Given entries
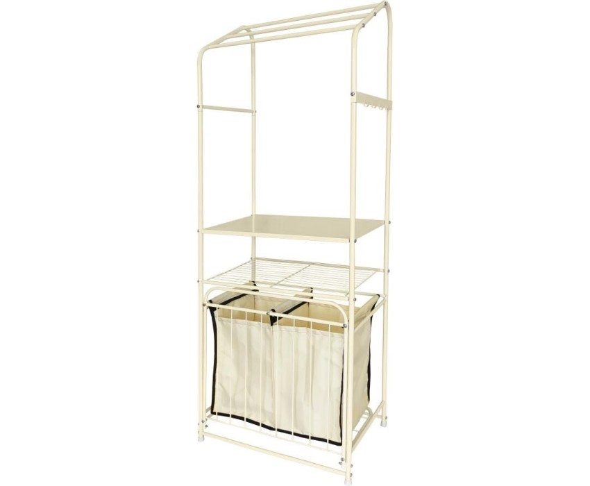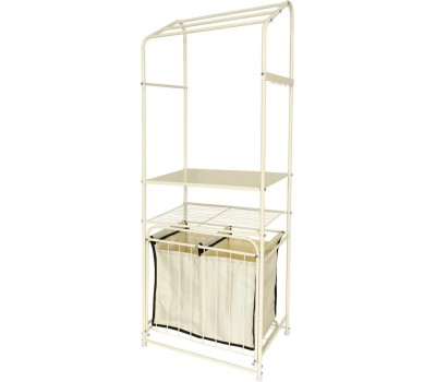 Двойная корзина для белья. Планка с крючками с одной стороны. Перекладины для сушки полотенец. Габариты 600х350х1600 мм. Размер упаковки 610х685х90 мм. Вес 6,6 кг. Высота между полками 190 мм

---

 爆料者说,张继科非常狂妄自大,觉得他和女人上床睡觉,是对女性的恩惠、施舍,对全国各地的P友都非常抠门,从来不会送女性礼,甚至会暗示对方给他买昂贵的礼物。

--

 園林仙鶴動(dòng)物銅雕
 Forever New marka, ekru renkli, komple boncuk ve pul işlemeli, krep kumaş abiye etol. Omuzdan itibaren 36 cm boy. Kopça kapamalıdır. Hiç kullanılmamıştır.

Problem statement
Copy out the range of lines above starting at the line with "園林仙鶴動(dòng)物銅雕" and ending at the line with "Forever New marka, ekru", exactly and including both.

Output below
 園林仙鶴動(dòng)物銅雕
 Forever New marka, ekru renkli, komple boncuk ve pul işlemeli, krep kumaş abiye etol. Omuzdan itibaren 36 cm boy. Kopça kapamalıdır. Hiç kullanılmamıştır.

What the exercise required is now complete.